Il Trentino Alto Adige è diventato un modello da seguire per quel che riguarda la convivenza con le minoranze linguistiche. I Mòcheni e i Cimbri al pari dei ladini, sono qui tutelati sotto il profilo istituzionale e politico, tuttavia le due comunità sono poco conosciute. È dunque necessaria un’opera di valorizzazione e promozione della loro cultura e delle loro lingua per garantirne la sopravvivenza. Ce ne parla Marco Viola, dirigente del servizio per la promozione delle minoranze linguistiche per la Provincia autonoma di Trento.
Dottor Viola, quali sono le caratteristiche delle due comunità dei Cimbri e dei Mòcheni? «Ambedue le minoranze linguistiche, quella della Valle dei Mòcheni e quella di Luserna sono di origine germanofona ossia parlano un tedesco molto antico. I Cimbri sono stati i primi ad arrivare nel nostro territorio, poco dopo l’anno 1000, e sono frutto della migrazione di popolazioni tedesche che dalla Baviera e dal Tirolo sono scesi verso Sud e il territorio di Verona e si sono stanziati sull’altopiano di Asiago. Mentre però le popolazioni dell’altopiano di Asiago e della Lessinia veronese pur avendo la coscienza di essere cimbri hanno perduto la loro lingua, l’antico cimbro è rimasto vivo ancora in questo paesino trentino che è Luserna. In base all’ultimo censimento fatto nell’intera provincia di Trento, quelli che si sono dichiarati cimbri - perché da noi esiste anche questa possibilità - sono circa 800 ma i residenti a Lucerna sono appena trecento e di questi non tutti parlano il cimbro. Questo per dire che siamo ben al di sotto dei numeri per la sopravvivenza di una lingua indicati dall’Unesco. Nonostante ciò la comunità resiste fiera, mantiene la sua lingua e la promuove. Proprio Sei mesi fa è stata pubblicata la prima grammatica cimbra, un avvenimento straordinario per questa piccola comunità».
Cosa ci dice invece dei mòcheni? «Nel Trentino orientale ai confini con la provincia di Vicenza, c’è una piccola valle straordinariamente bella, incontaminata che è la valle dei mocheni (Bersntoler), attraversata dal torrente Fersina.
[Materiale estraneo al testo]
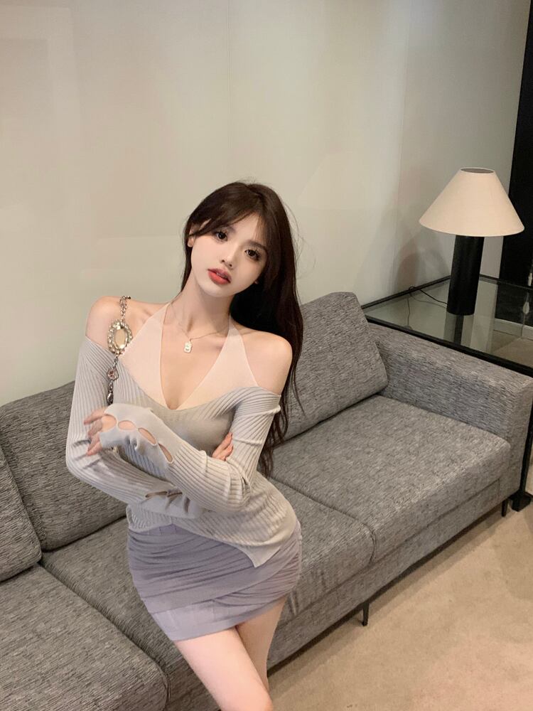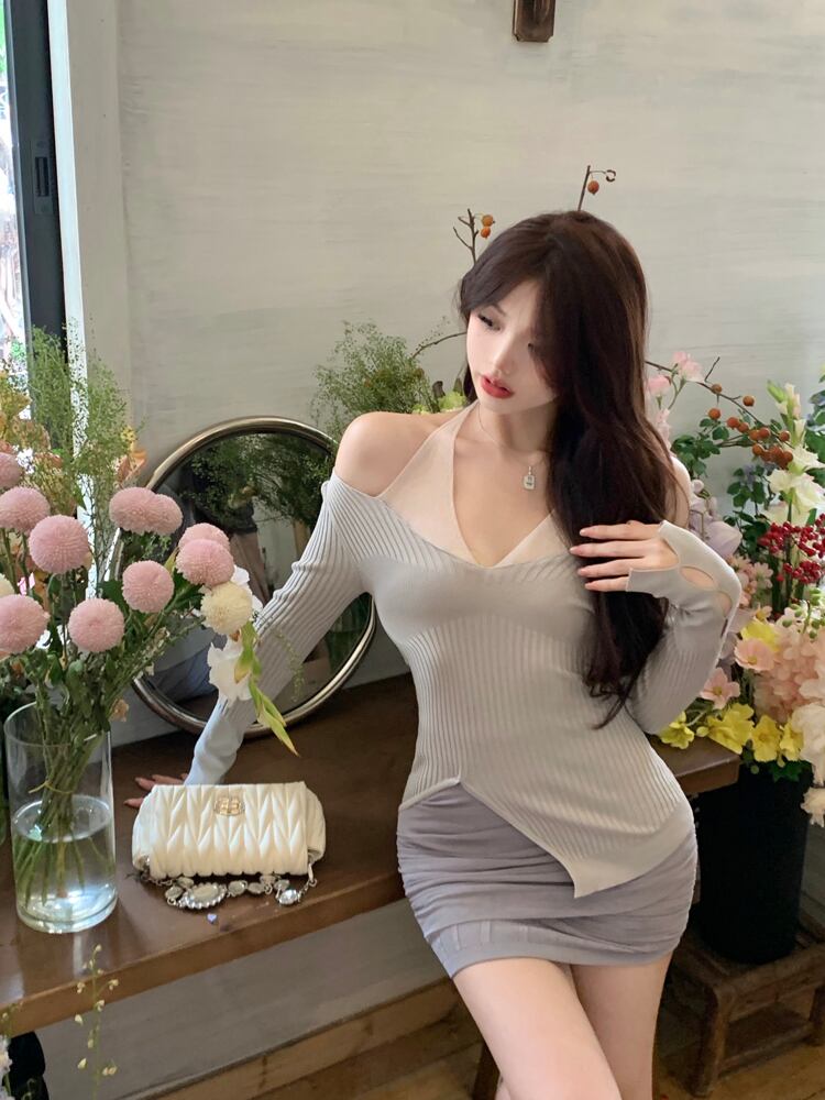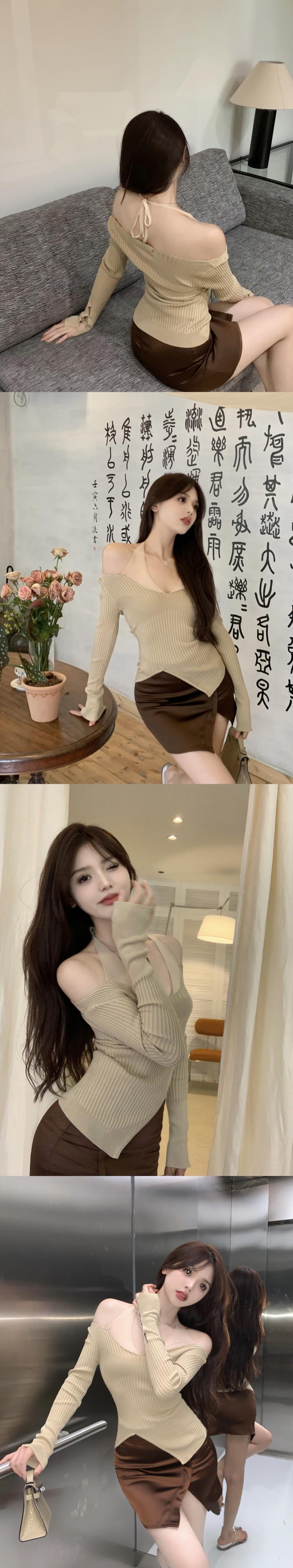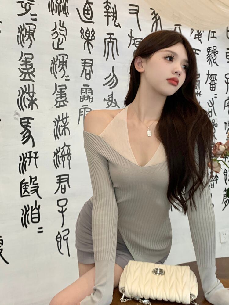 オフショルダー アイスシルク セーター レディース 初秋 Vネック セクシー スリム スリム 長袖 ボトムス シャツ トップス ロング オータム 秋物 bstraw65734249371 | beaute25
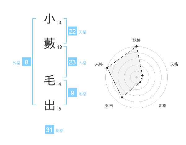小藪 毛出さんの外格は8画の4点!
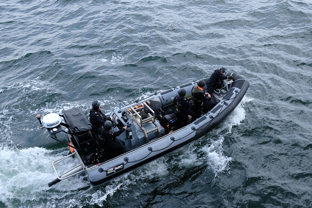 Speedboat of the tender "Rhein" during a rescue exercise
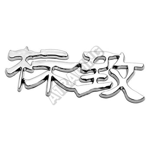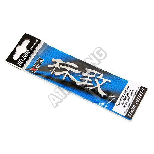 Plastový samolepící emblém řady 3D logo s povrchovou úpravou chrom. Motiv evropské značky automobilů psané čínskými znaky. Řada China letters.
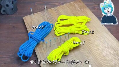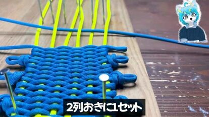 使用するのは、板に釘を打って作ったジグと、青と黄の2色のパラコード。通常のわらじの編み方に少しアレンジを加えて制作していきます。
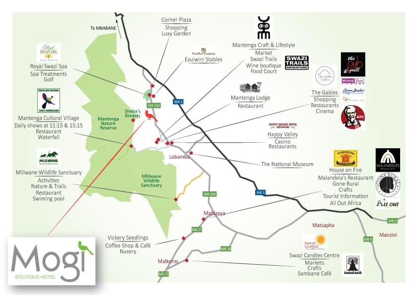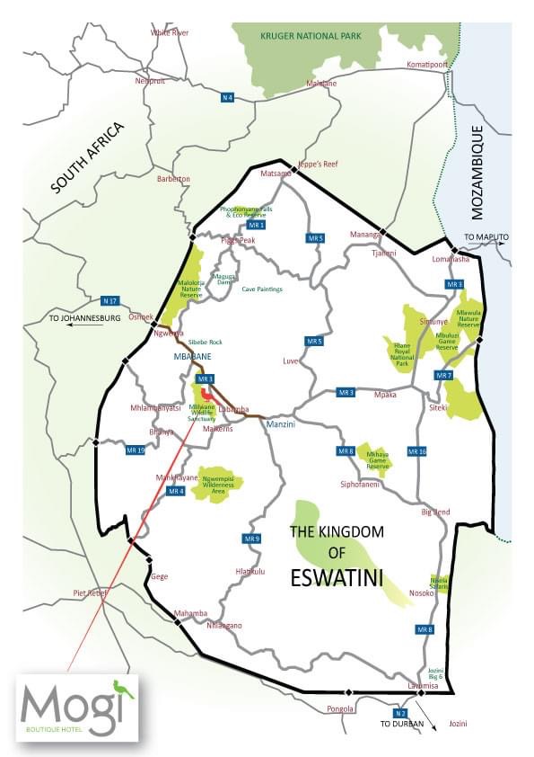 Directions: Come through Oshoek Border Post and stay on the high way, by pass Mbabane, as you get to the bottom of the Malagwane ( a steep and long noticeable pass) take the first off ramp left, signed to: Ezulwini/Hotels/Casino etc, MR103. Turn right across the bridge over the high way. Keep straight on this road. Straight over 2 small roundabouts, past the Royal Swazi Sun on your right, past MTN head office on your left, you’ll get to a large roundabout, go straight over and you will turn (at our sign) 200m past the roundabout on your right (next to “Lidwala” and “All out Africa”). Follow the signs up the hill. We are 300m off the main road
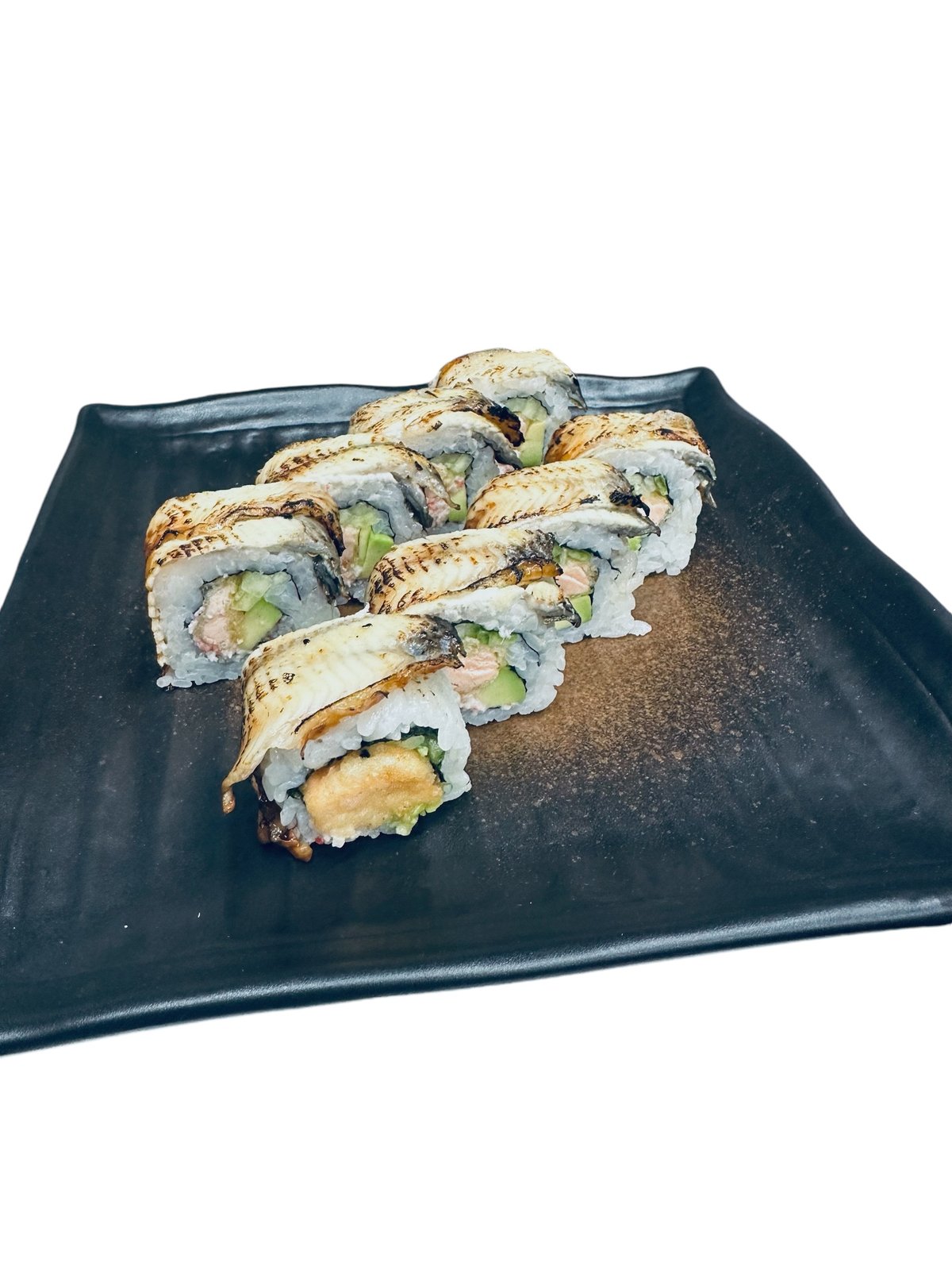 In: Losos v tempuře, avokádo, okurka, krabí krém Up: Marinovaný úhoř, unagi omáčka, sezam In: Salmon in tempura dough, avocado, cucumber, crab cream Up: Marinated eel, unagi sauce, sesame seeds
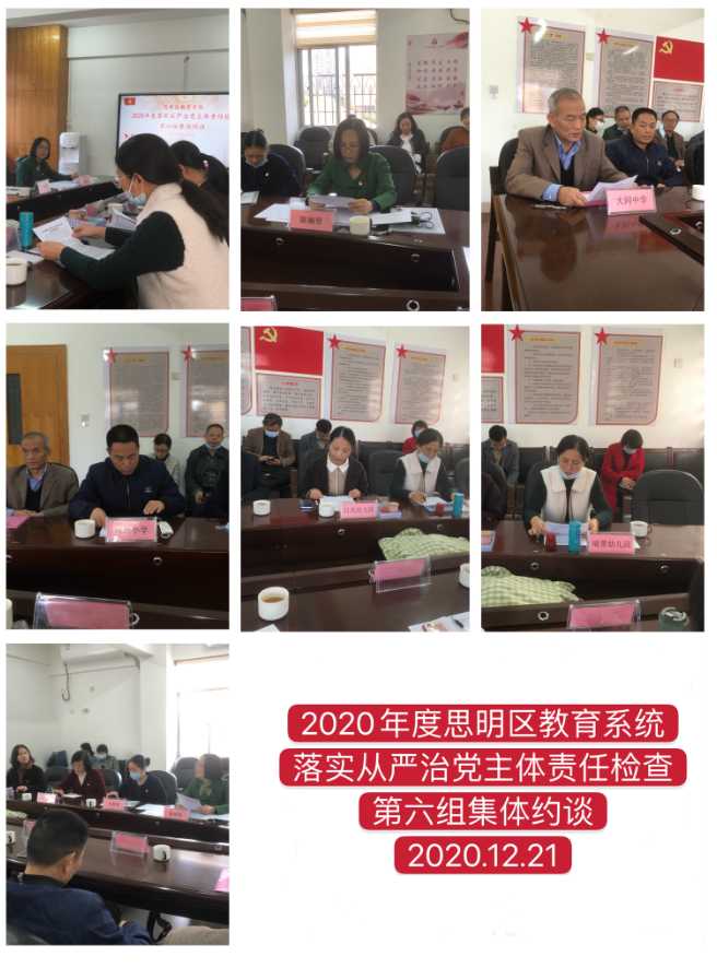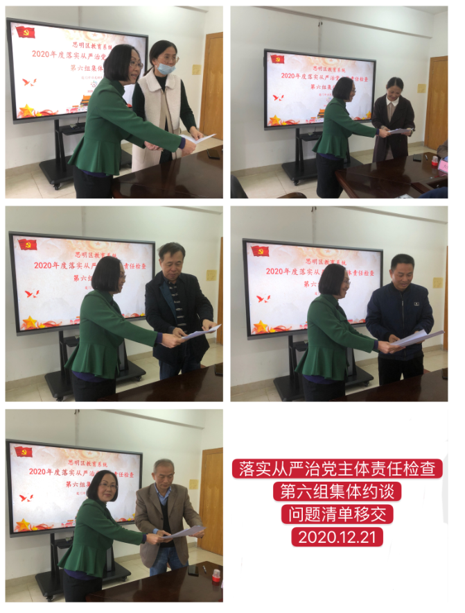 12月21日上午,思明区教育系统2020年度落实从严治党主体责任检查第六组在我园对被检查组进行集体约谈,各校、各园党支部主体责任人参加了会议。

Sono pochi comuni che contano un migliaio di abitanti. I mocheni son arrivati in Trentino intorno al 1300/1400 attirati dal lavoro delle miniere. Originariamente questi bravi lavoratori tedeschi si sono insediati nella valle e hanno dato ad essa una struttura abitativa tedesca costruendo i loro tipici “masi” (fattorie) e assumendo la forma di paese diffuso e non aggregato come i nostri. In questa valle i Mòcheni hanno mantenuto la loro identità, hanno costruito un importante Museo, hanno reso abitabile un antico “maso”, hanno ripristinato l’antico mulino ad acqua e poi a 1700 metri di altezza hanno reso praticabile una antica miniera che ripropone il loro lavoro originario. Tutti luoghi oggi resi visitabili per far conoscere le loro tradizioni».
Come esprimono le due comunità la loro etnia? «L’intensità della difesa e della volontà di mantenere viva la lingua e la loro identità è sostanzialmente la stessa, diverse sono le caratteristiche con cui si esprime questa intensità. Luserna è più aperta agli influssi italiani e perciò ha dovuto resistere di più per mantenere la lingua. La Val dei Mòcheni invece è più isolata e per molti versi questo isolamento ha rappresentato un vantaggio per la difesa della loro etnia. Voglio ricordare però che ambedue le comunità nel secondo dopoguerra, quando la cultura dominante non era aperta e sensibile alle minoranze linguistiche, hanno ricevuto aiuto dalla Baviera. Ossia molte associazioni bavaresi hanno dato concreto sostegno economico per le iniziative atte a salvaguardare la sopravvivenza dell’etnia cimbra e mòchena».